An Office of Public Safety and Emergency Management representative announced several changes to the intersection where the December accident occurred. Updates include installing “no turn on red” signage and increasing the pedestrian crosswalk interval.
“Information from Pitt pedestrians about dangerous conditions must get reported so that action can be taken,” Salcido said. “Pedestrians have to be vigilant. Treat every intersection like it’s a threat to your life, because every single one is.”
The assembly heard an update on the General Education Reform Task Force, an initiative that began in the summer of 2023. The project aims to “recommend a more unified model” for general education requirements across all Pitt schools and campuses
“There’s a declining confidence that students actually understand the value of a liberal arts education,” Torres said. “Many students and professors see the general education curriculum as something that’s demanding, dull and unavoidable.”
Each first-year-admitting school within Pitt sets its own general education requirements, which Torres describes as “lacking any connection to actual learning outcomes” — the learning benchmarks students are expected to achieve. Torres highlighted key goals, including increasing scheduling flexibility and shortening the time required to graduate.
“Learning outcomes are becoming outdated.
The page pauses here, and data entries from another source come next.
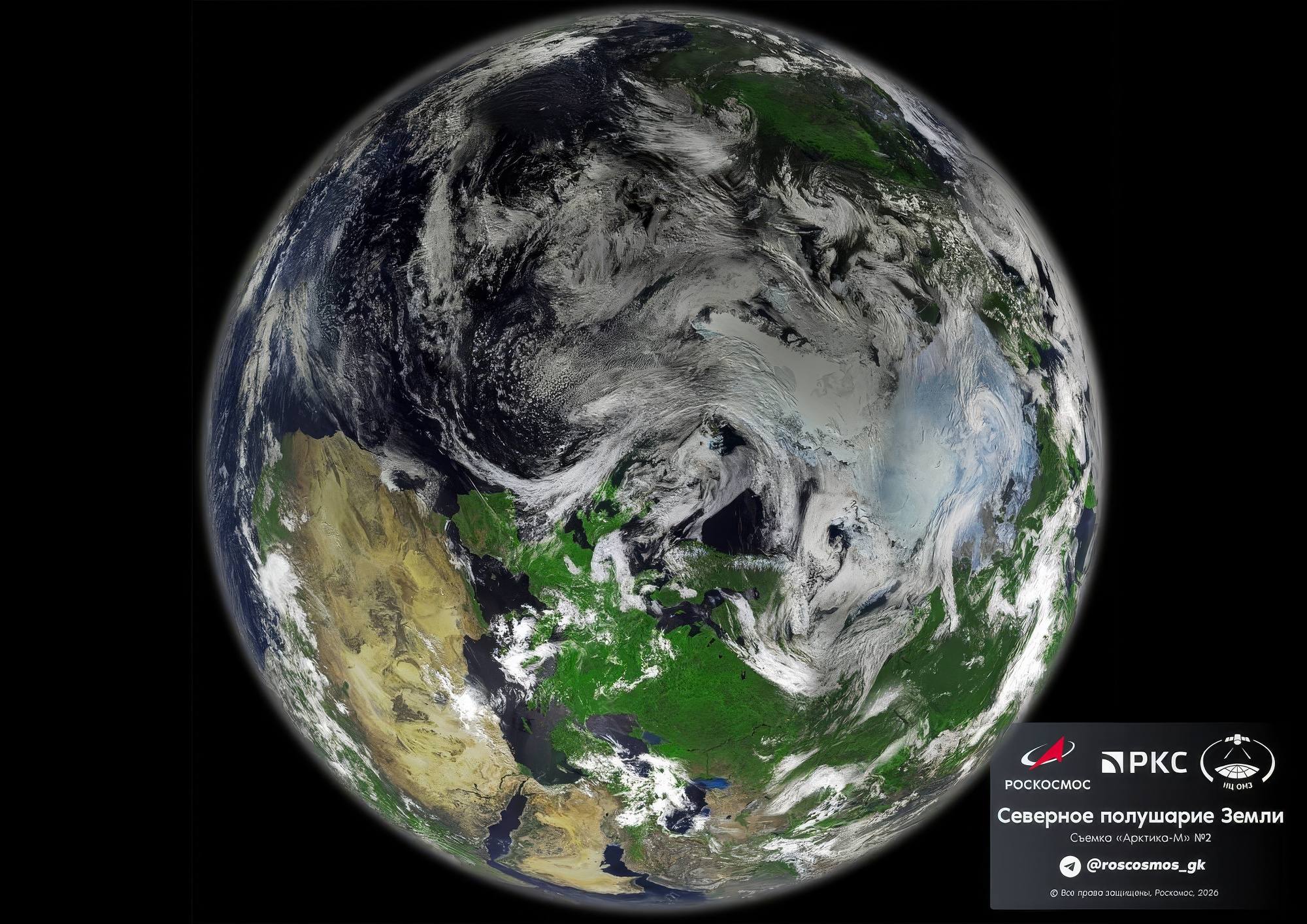 Cette image montre l’hémisphère nord de la Terre, capturée par le satellite Arktika-M n°2.
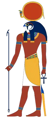 ![]() နေနတ်ဘုရား 'ရား'၏ ပုံစံများစွာမှတစ်ခုတွင် ၎င်း၌ သိမ်းငှက်ခေါင်းပါရှိပြီး အတွင်း၌မြွေဟောက်ပါရှိသော နေဝန်းအဝိုင်းတစ်ခုသည် ဦးခေါင်းထက်တွင် တည်ရှိ၏။ | |||||||||||
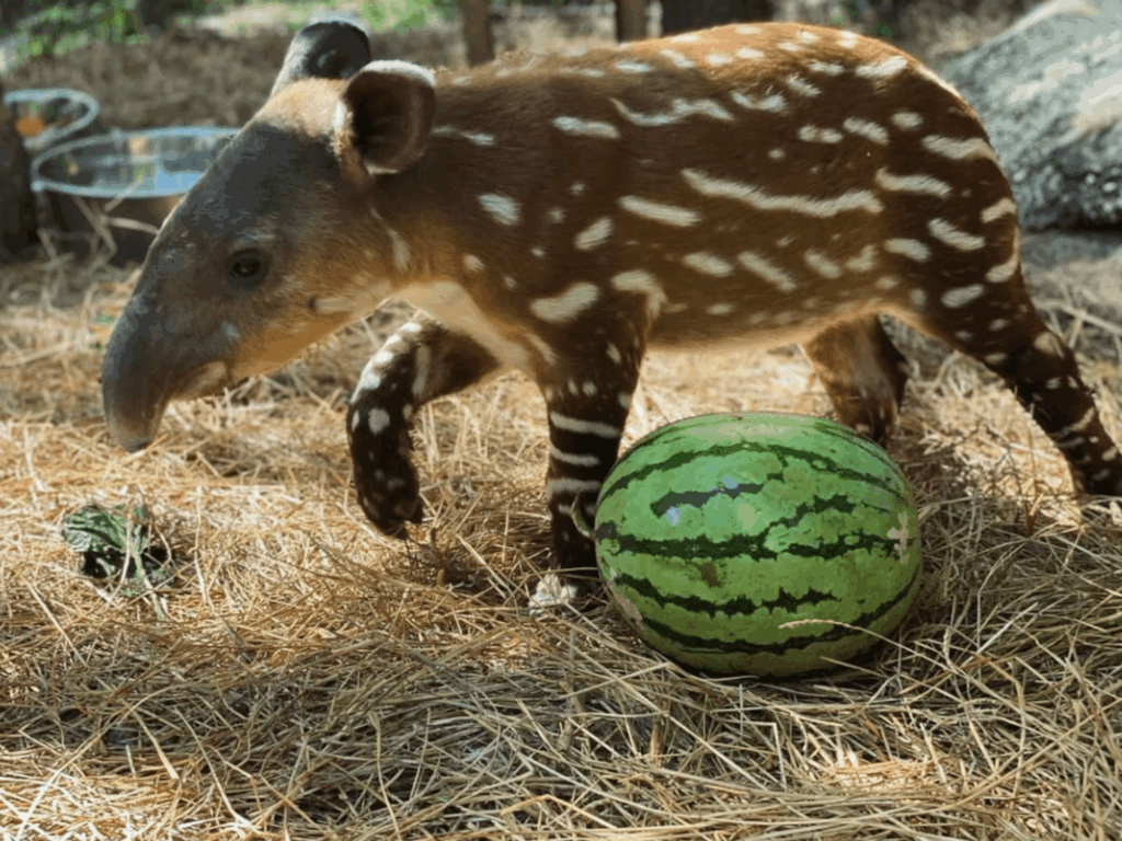 Baby tapirs, like deer fawns, are born with distinctive spots and stripes that aid in camouflage, often referred to as their “watermelon coat.” (Image from the Belize Zoo)

They’re very misaligned with workplace expectations,” Torres said. “We’re exploring how we can be innovative in ways that allow students to develop things they’re passionate about.”
Torres said the project is still in its first phase, which involves gathering student feedback and analyzing processes at similarly ranked universities such as Carnegie Mellon University and Virginia Tech.
“We’re looking closely at each institution’s processes for general education reform,” Torres said. “We’re finalizing our work to come up with a comprehensive overview of the strengths and opportunities of Pitt.”
A “significant motivation” for the reform, Torres said, is the University’s “accreditation vulnerability,” which is a university’s ability to meet required standards to maintain funding and degree credibility.
“When accreditors ask us ‘what are the foundational learning outcomes that students are achieving through general education requirements,’ we can’t, as an institution, answer that question,” Torres said. “Some schools do a phenomenal job, and others, not so much.”
Torres said the “ultimate goal” is to gather additional feedback before moving into the project’s second phase, which involves testing scenarios and designing new student learning goals.
“Our hope is to begin phase two soon because our learning outcomes are really not reflecting the innovation and creativity happening in our classrooms,” Torres said.